Top of GIVEN RECORDS
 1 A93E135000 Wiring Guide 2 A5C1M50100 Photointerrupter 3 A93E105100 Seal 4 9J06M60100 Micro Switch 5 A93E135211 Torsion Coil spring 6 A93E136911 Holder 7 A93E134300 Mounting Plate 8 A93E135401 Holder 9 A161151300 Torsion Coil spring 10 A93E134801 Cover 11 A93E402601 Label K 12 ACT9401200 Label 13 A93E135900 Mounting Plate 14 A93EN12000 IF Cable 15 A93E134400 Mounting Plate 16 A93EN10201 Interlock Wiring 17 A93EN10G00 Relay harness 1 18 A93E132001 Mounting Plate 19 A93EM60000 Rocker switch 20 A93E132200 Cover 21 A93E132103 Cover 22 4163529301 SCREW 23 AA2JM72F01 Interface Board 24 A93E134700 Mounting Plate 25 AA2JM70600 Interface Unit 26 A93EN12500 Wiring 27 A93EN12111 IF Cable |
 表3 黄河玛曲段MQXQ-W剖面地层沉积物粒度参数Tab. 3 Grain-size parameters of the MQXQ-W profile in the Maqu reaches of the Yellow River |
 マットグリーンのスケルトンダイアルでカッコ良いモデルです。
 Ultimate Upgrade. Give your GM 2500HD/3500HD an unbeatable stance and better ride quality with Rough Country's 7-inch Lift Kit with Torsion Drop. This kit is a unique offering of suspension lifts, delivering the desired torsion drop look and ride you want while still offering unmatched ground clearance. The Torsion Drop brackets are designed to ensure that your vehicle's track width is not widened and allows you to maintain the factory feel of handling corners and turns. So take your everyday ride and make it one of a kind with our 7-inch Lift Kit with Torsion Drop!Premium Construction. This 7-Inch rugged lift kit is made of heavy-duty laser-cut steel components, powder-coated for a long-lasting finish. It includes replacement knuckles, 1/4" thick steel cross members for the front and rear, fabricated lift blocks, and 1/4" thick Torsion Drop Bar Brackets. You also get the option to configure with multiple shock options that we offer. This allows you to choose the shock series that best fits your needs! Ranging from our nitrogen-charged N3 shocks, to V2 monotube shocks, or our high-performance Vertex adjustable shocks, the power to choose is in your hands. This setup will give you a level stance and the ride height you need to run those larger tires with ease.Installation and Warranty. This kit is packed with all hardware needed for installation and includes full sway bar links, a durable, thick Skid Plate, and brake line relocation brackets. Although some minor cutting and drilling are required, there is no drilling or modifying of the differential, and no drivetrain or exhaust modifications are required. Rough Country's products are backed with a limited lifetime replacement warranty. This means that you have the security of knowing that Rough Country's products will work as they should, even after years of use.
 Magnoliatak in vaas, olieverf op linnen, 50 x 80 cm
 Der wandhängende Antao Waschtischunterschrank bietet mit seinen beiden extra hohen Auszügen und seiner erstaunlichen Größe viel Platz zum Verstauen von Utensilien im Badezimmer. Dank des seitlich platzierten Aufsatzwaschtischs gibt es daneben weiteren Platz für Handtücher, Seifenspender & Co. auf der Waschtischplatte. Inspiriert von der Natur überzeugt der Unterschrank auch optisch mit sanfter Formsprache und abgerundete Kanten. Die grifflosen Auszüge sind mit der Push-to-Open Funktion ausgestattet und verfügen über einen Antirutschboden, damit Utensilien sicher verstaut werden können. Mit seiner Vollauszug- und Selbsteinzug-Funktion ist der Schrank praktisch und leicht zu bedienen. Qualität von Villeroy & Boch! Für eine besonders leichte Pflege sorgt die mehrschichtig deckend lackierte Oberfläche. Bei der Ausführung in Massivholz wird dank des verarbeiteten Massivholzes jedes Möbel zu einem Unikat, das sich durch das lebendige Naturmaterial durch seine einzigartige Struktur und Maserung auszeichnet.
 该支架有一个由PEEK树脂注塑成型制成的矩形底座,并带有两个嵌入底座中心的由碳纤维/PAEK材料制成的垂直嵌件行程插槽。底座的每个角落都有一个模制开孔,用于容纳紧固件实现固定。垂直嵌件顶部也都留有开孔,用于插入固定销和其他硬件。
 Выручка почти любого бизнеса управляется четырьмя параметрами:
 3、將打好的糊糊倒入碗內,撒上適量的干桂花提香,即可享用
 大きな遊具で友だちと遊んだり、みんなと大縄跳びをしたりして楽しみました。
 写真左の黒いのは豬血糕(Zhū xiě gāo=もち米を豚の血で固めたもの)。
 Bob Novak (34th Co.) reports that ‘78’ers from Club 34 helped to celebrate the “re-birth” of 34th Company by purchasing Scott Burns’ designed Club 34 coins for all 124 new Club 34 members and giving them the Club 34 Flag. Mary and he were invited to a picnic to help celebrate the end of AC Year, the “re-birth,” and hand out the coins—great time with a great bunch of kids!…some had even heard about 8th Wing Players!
Bottom of GIVEN RECORDS
TASK ITEM: Each line above needs to be repeated exactly, with nothing omitted.

ANSWER BOX:
 1 A93E135000 Wiring Guide 2 A5C1M50100 Photointerrupter 3 A93E105100 Seal 4 9J06M60100 Micro Switch 5 A93E135211 Torsion Coil spring 6 A93E136911 Holder 7 A93E134300 Mounting Plate 8 A93E135401 Holder 9 A161151300 Torsion Coil spring 10 A93E134801 Cover 11 A93E402601 Label K 12 ACT9401200 Label 13 A93E135900 Mounting Plate 14 A93EN12000 IF Cable 15 A93E134400 Mounting Plate 16 A93EN10201 Interlock Wiring 17 A93EN10G00 Relay harness 1 18 A93E132001 Mounting Plate 19 A93EM60000 Rocker switch 20 A93E132200 Cover 21 A93E132103 Cover 22 4163529301 SCREW 23 AA2JM72F01 Interface Board 24 A93E134700 Mounting Plate 25 AA2JM70600 Interface Unit 26 A93EN12500 Wiring 27 A93EN12111 IF Cable |
 表3 黄河玛曲段MQXQ-W剖面地层沉积物粒度参数Tab. 3 Grain-size parameters of the MQXQ-W profile in the Maqu reaches of the Yellow River |
 マットグリーンのスケルトンダイアルでカッコ良いモデルです。
 Ultimate Upgrade. Give your GM 2500HD/3500HD an unbeatable stance and better ride quality with Rough Country's 7-inch Lift Kit with Torsion Drop. This kit is a unique offering of suspension lifts, delivering the desired torsion drop look and ride you want while still offering unmatched ground clearance. The Torsion Drop brackets are designed to ensure that your vehicle's track width is not widened and allows you to maintain the factory feel of handling corners and turns. So take your everyday ride and make it one of a kind with our 7-inch Lift Kit with Torsion Drop!Premium Construction. This 7-Inch rugged lift kit is made of heavy-duty laser-cut steel components, powder-coated for a long-lasting finish. It includes replacement knuckles, 1/4" thick steel cross members for the front and rear, fabricated lift blocks, and 1/4" thick Torsion Drop Bar Brackets. You also get the option to configure with multiple shock options that we offer. This allows you to choose the shock series that best fits your needs! Ranging from our nitrogen-charged N3 shocks, to V2 monotube shocks, or our high-performance Vertex adjustable shocks, the power to choose is in your hands. This setup will give you a level stance and the ride height you need to run those larger tires with ease.Installation and Warranty. This kit is packed with all hardware needed for installation and includes full sway bar links, a durable, thick Skid Plate, and brake line relocation brackets. Although some minor cutting and drilling are required, there is no drilling or modifying of the differential, and no drivetrain or exhaust modifications are required. Rough Country's products are backed with a limited lifetime replacement warranty. This means that you have the security of knowing that Rough Country's products will work as they should, even after years of use.
 Magnoliatak in vaas, olieverf op linnen, 50 x 80 cm
 Der wandhängende Antao Waschtischunterschrank bietet mit seinen beiden extra hohen Auszügen und seiner erstaunlichen Größe viel Platz zum Verstauen von Utensilien im Badezimmer. Dank des seitlich platzierten Aufsatzwaschtischs gibt es daneben weiteren Platz für Handtücher, Seifenspender & Co. auf der Waschtischplatte. Inspiriert von der Natur überzeugt der Unterschrank auch optisch mit sanfter Formsprache und abgerundete Kanten. Die grifflosen Auszüge sind mit der Push-to-Open Funktion ausgestattet und verfügen über einen Antirutschboden, damit Utensilien sicher verstaut werden können. Mit seiner Vollauszug- und Selbsteinzug-Funktion ist der Schrank praktisch und leicht zu bedienen. Qualität von Villeroy & Boch! Für eine besonders leichte Pflege sorgt die mehrschichtig deckend lackierte Oberfläche. Bei der Ausführung in Massivholz wird dank des verarbeiteten Massivholzes jedes Möbel zu einem Unikat, das sich durch das lebendige Naturmaterial durch seine einzigartige Struktur und Maserung auszeichnet.
 该支架有一个由PEEK树脂注塑成型制成的矩形底座,并带有两个嵌入底座中心的由碳纤维/PAEK材料制成的垂直嵌件行程插槽。底座的每个角落都有一个模制开孔,用于容纳紧固件实现固定。垂直嵌件顶部也都留有开孔,用于插入固定销和其他硬件。
 Выручка почти любого бизнеса управляется четырьмя параметрами:
 3、將打好的糊糊倒入碗內,撒上適量的干桂花提香,即可享用
 大きな遊具で友だちと遊んだり、みんなと大縄跳びをしたりして楽しみました。
 写真左の黒いのは豬血糕(Zhū xiě gāo=もち米を豚の血で固めたもの)。
 Bob Novak (34th Co.) reports that ‘78’ers from Club 34 helped to celebrate the “re-birth” of 34th Company by purchasing Scott Burns’ designed Club 34 coins for all 124 new Club 34 members and giving them the Club 34 Flag. Mary and he were invited to a picnic to help celebrate the end of AC Year, the “re-birth,” and hand out the coins—great time with a great bunch of kids!…some had even heard about 8th Wing Players!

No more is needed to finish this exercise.